Extracted records:
▬▬▬
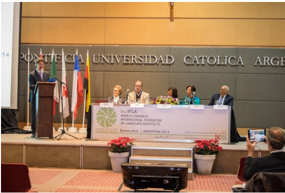
2014 IFLA World Congress, Argentina
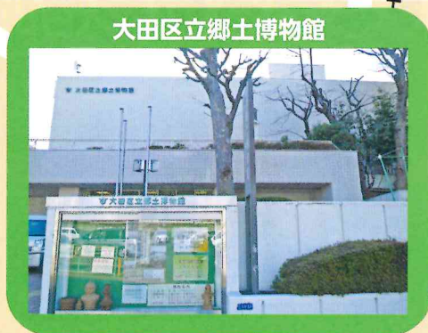
大田区立郷土博物館
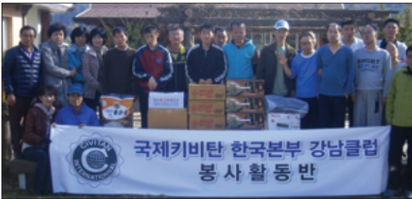
• 강남클럽 '생필품 전달 행사' (2010.11.13. 경기도 가평군 가난한 마음의 집 방문)
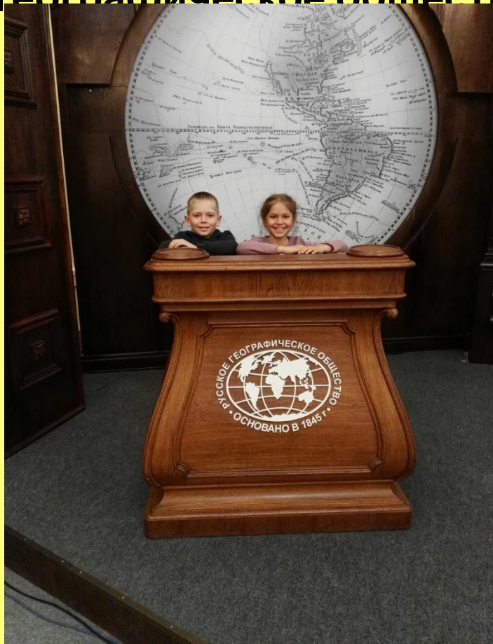
Фото 2017г. Русское географическое общество.

Каждый отпуск стараемся проводить вместе.
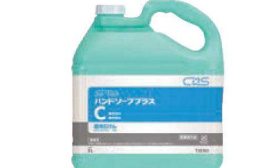
⑪シーバイエス セーフフラッチ ハンドソープ プラスC 5ℓ ㊦

ページコード 商品コード 価格 4-2437-1101 8392920 ¥9,000
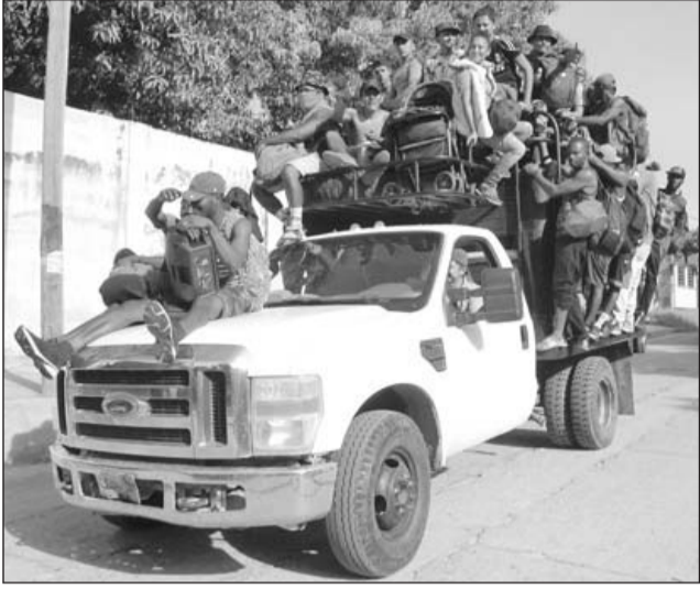
Trámite. Los haitianos ocupan el 70% de los trámites ante las autoridades migratorias y, en señal de protesta, se han manifestado en varias ocasiones, tensando todavía más la situación.
▬▬▬
### Work instruction
Write out exactly the lines from the one containing "Фото 2017г. Русское географическое общество." through the end of the entries, both included. Pictures are not copied.

### Result below
Фото 2017г. Русское географическое общество.

Каждый отпуск стараемся проводить вместе.
⑪シーバイエス セーフフラッチ ハンドソープ プラスC 5ℓ ㊦

ページコード 商品コード 価格 4-2437-1101 8392920 ¥9,000
Trámite. Los haitianos ocupan el 70% de los trámites ante las autoridades migratorias y, en señal de protesta, se han manifestado en varias ocasiones, tensando todavía más la situación.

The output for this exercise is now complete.